**Work task:**
Return each line below exactly as it reads, and omit any image in it.

**Material provided:**
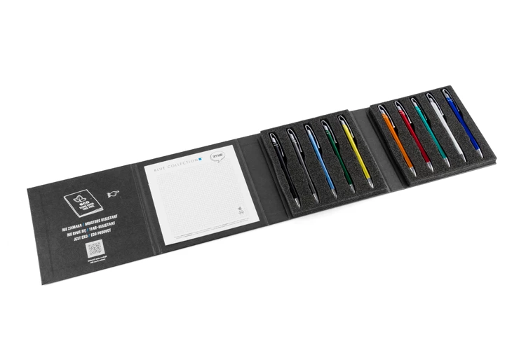 Będzie idealnym materiałem do prezentacji, dzięki umieszczonemu wewnątrz notesowi z papieru kamiennego da możliwość jednoczesnego przetestowania długopisów.
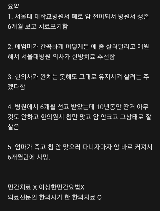 작성자흠냐리리리리리 작성시간 26.01.30 반대케이스도 있어...한의학 믿고 치료 병원안갔다가 돌아가신...
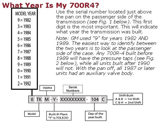Chevy Kirjoitettu 10. Heinäkuuta, 2009 Kirjoitettu 10. Heinäkuuta, 2009 löytyi vielä numero 6fam-y-00230558-317b näyttäs olevan -86 ja TH700R4

**Task response:**
 Będzie idealnym materiałem do prezentacji, dzięki umieszczonemu wewnątrz notesowi z papieru kamiennego da możliwość jednoczesnego przetestowania długopisów.
 작성자흠냐리리리리리 작성시간 26.01.30 반대케이스도 있어...한의학 믿고 치료 병원안갔다가 돌아가신...
Chevy Kirjoitettu 10. Heinäkuuta, 2009 Kirjoitettu 10. Heinäkuuta, 2009 löytyi vielä numero 6fam-y-00230558-317b näyttäs olevan -86 ja TH700R4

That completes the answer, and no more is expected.